**TASK ITEM:**
The needed output is the run of lines below from the one containing "Платье с открытыми плечами и юбкой" through the one containing "Cute asian girl", copied exactly and free of pictures.

**Items listed in a dataset:**
== Segment start ==
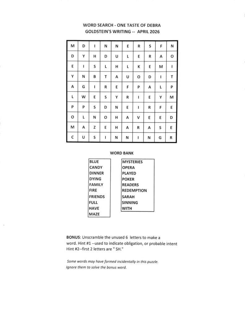 Welcome to our second puzzle entry for the month of April! This is a word search for the novels of Debra H. Goldstein. Whether you’ve read the books or not, we’re sure you’ll have fun with this word search puzzle based on the story! (If you want to download the puzzle and play offline, click here for a PDF version.)
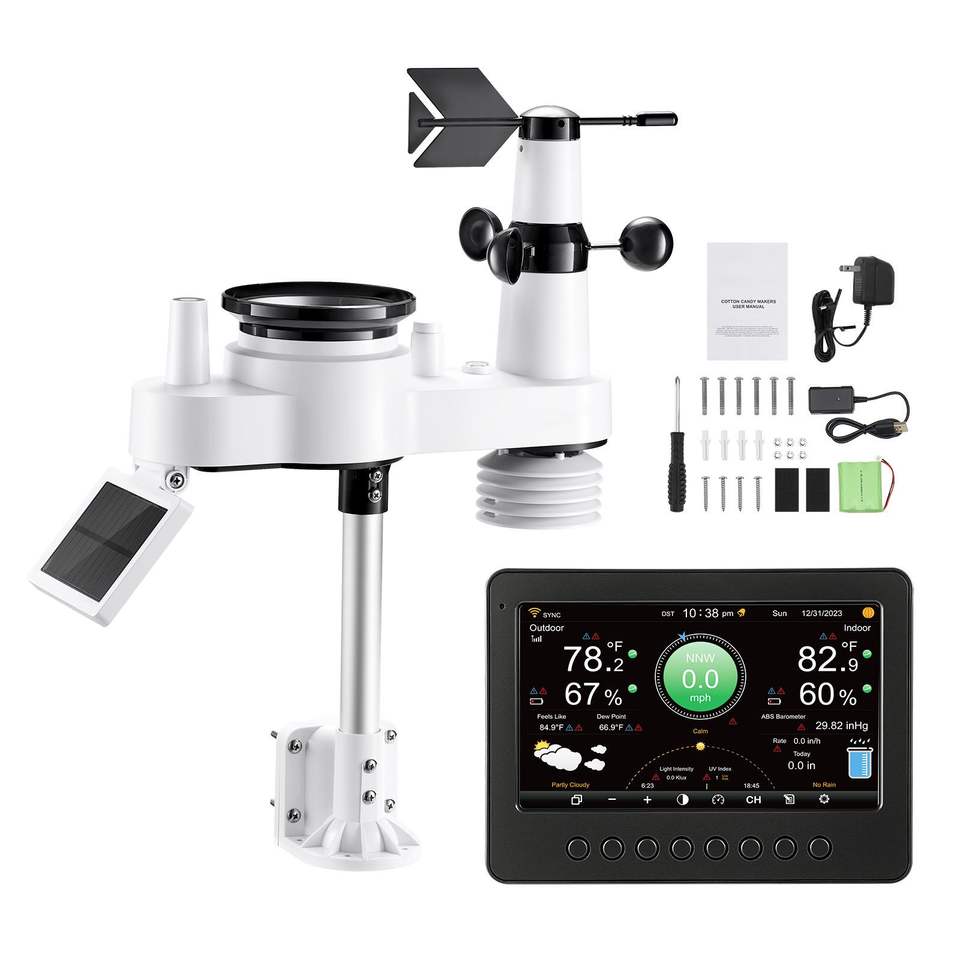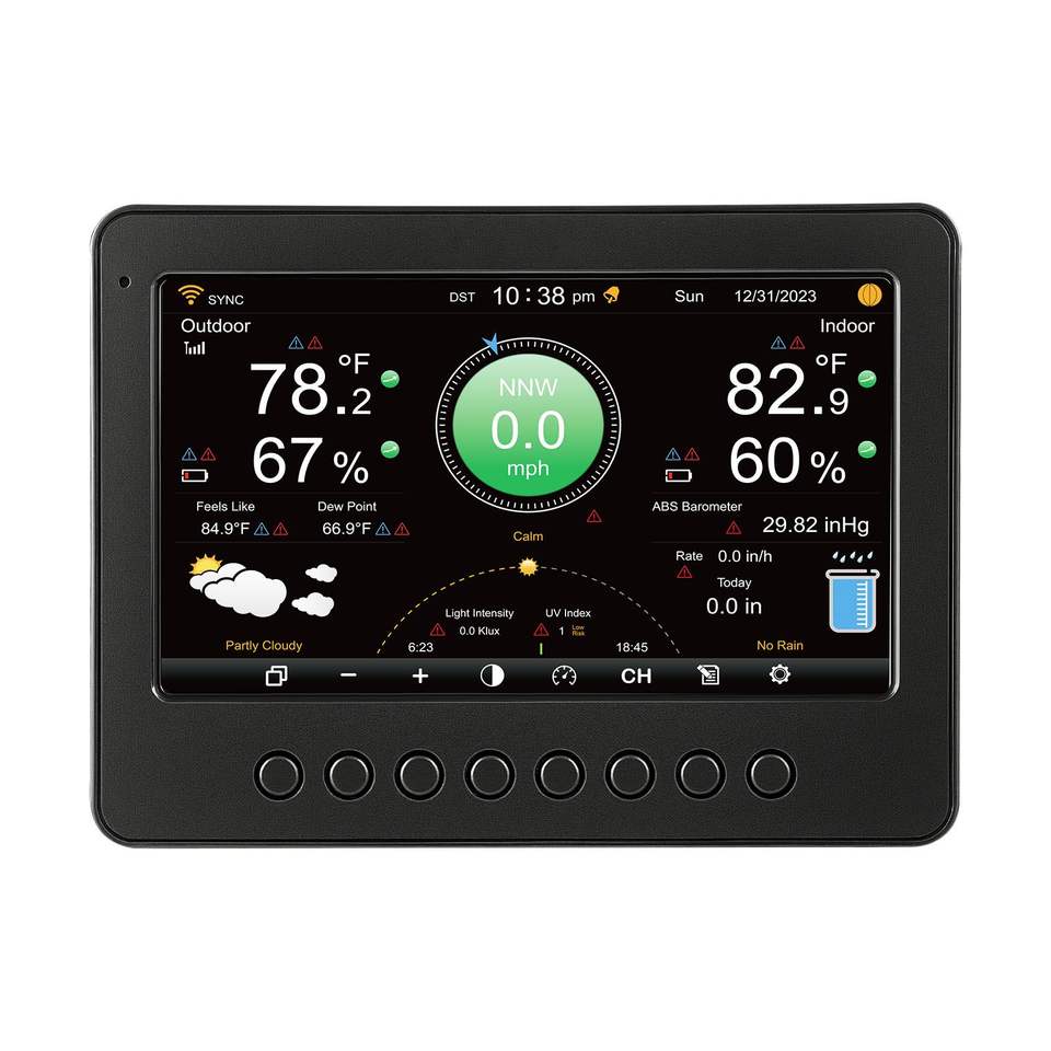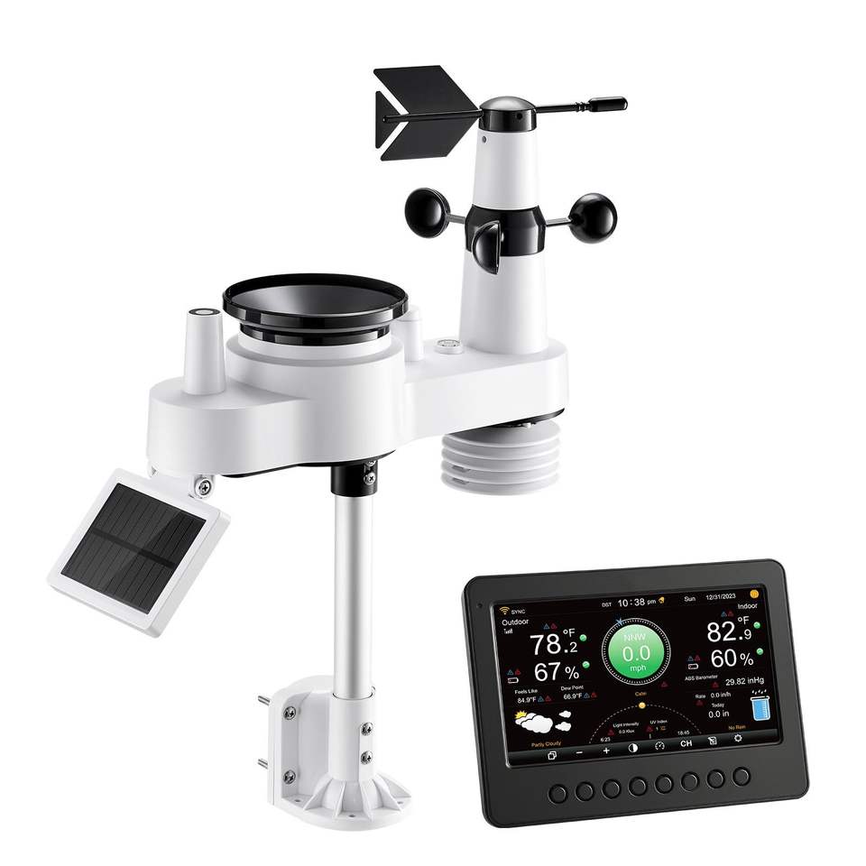 Estación Meteorológica Inalámbrica 7 en 1 con Pantalla TFT de 7 Pulgadas, Energía Solar, Sensor Exterior, Pluviómetro Interior/Exterior
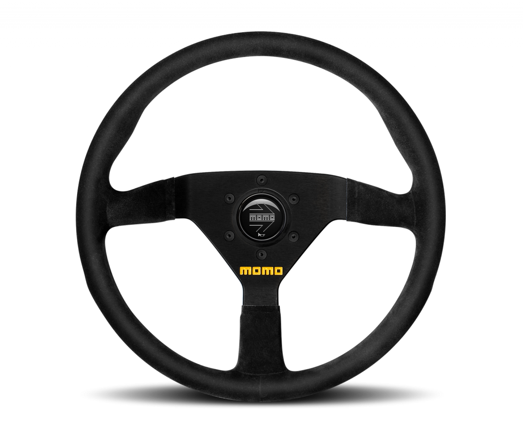 The MOMO MOD. 78 is a classic racing steering wheel popular with many drivers for its comfort and looks. The three-spoke pattern, circular form and thumb grips are what makes many racers feel that this is a natural fit to their car. Using the pre-drilled standard 6-bolt pattern makes for an easy install. A MOMO horn button is included. This 350mm diameter version in suede which has a 36mm dish. Spokes and suede are black.
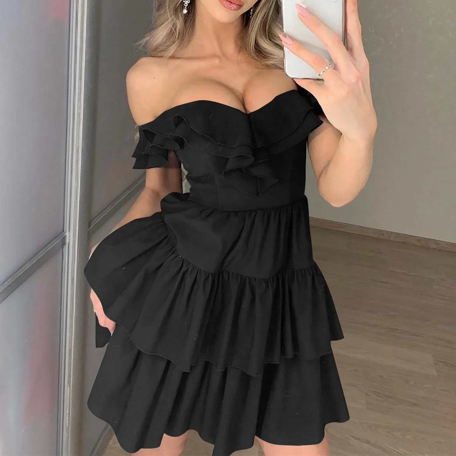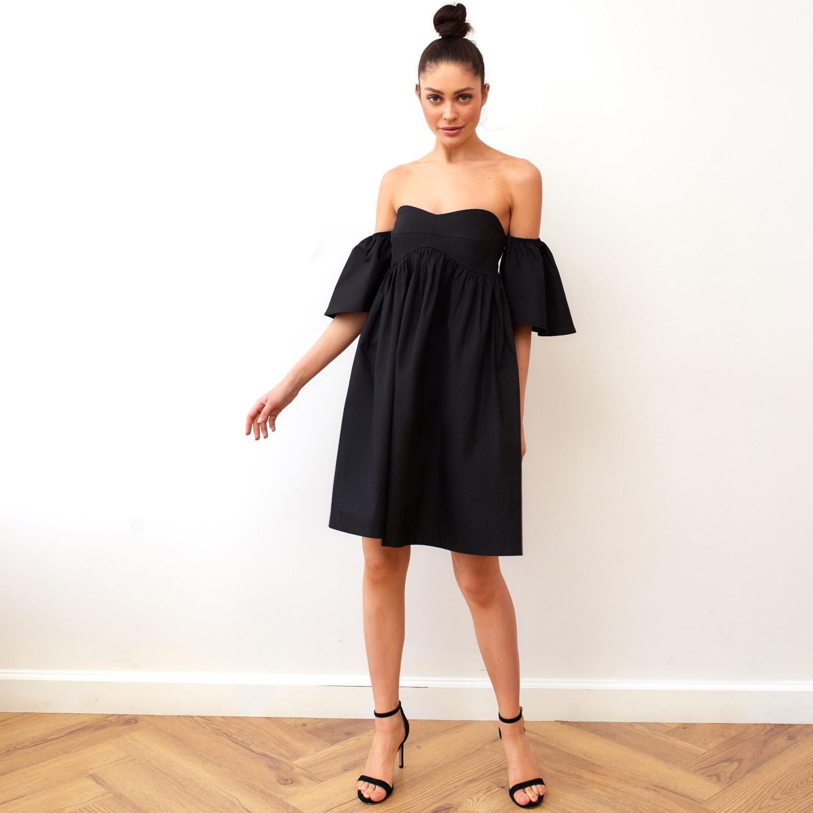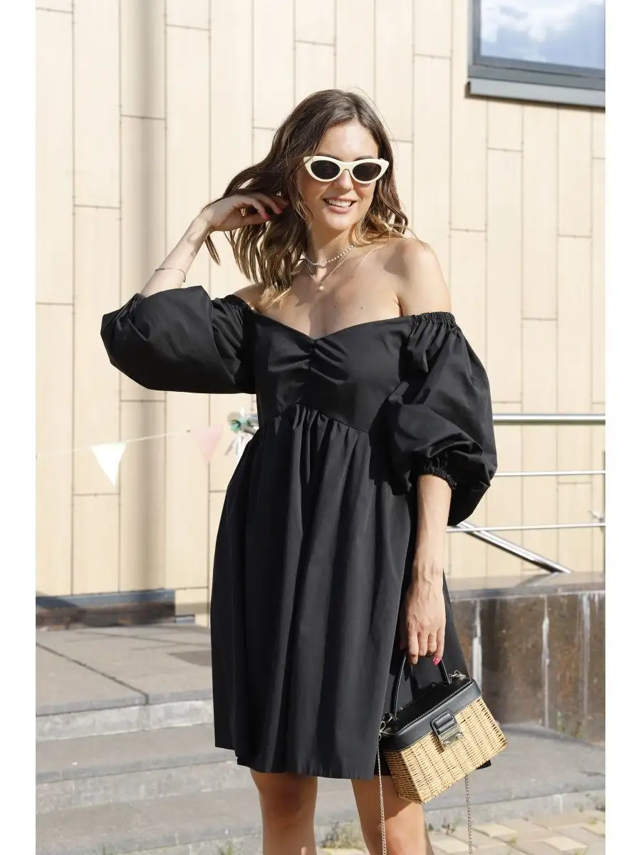 Платье с открытыми плечами и юбкой
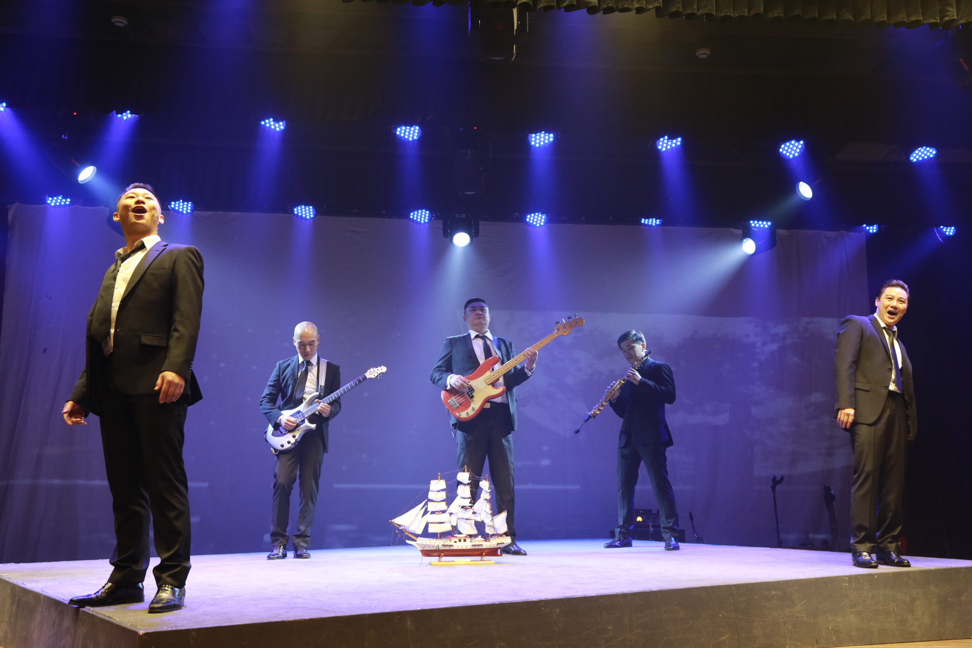 本网讯 11月6日晚,我校秋冬季“高雅艺术进校园”活动的主打节目,由上海话剧艺术中心倾情呈现的《水手之谜》音乐剧在学生活动中心一楼小剧场隆重举行。这是一场集视觉、听觉、触觉为一体的饕餮盛宴,更是一堂人生哲思课。浪漫神秘的不朽篇章;演员磁性的天籁合声;合情应景的舞台吐雾效果,都带给了观众美的体验,突破了观众对音乐剧的想象。
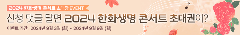본 이벤트를 통해 2024 한화생명 콘서트 1회차 공연에 초대받을 수 있습니다.
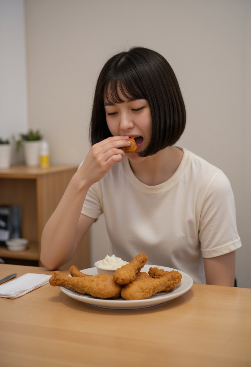 Cute asian girl with bobcut,eating fried chicken, FictionalAyumi
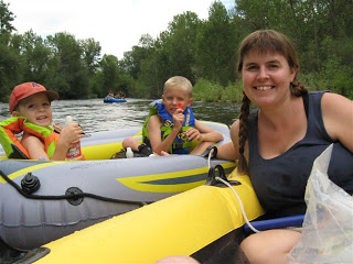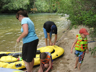 We got to go rafting down the river with our good friends! IT was such a fun experience. We even had a little adventure. We were hitting some shallow waters and Brian and my boat was loosing air! And fast! Brian was practically sinking down in the water. The boys had to duck under some branches from a tree and we eventually pulled off and blew up the raft again to float the rest of the mile. It was about a 5 mile float total.
== Segment end ==
**COMPLETED EXERCISE:**
 Платье с открытыми плечами и юбкой
 本网讯 11月6日晚,我校秋冬季“高雅艺术进校园”活动的主打节目,由上海话剧艺术中心倾情呈现的《水手之谜》音乐剧在学生活动中心一楼小剧场隆重举行。这是一场集视觉、听觉、触觉为一体的饕餮盛宴,更是一堂人生哲思课。浪漫神秘的不朽篇章;演员磁性的天籁合声;合情应景的舞台吐雾效果,都带给了观众美的体验,突破了观众对音乐剧的想象。
본 이벤트를 통해 2024 한화생명 콘서트 1회차 공연에 초대받을 수 있습니다.
 Cute asian girl with bobcut,eating fried chicken, FictionalAyumi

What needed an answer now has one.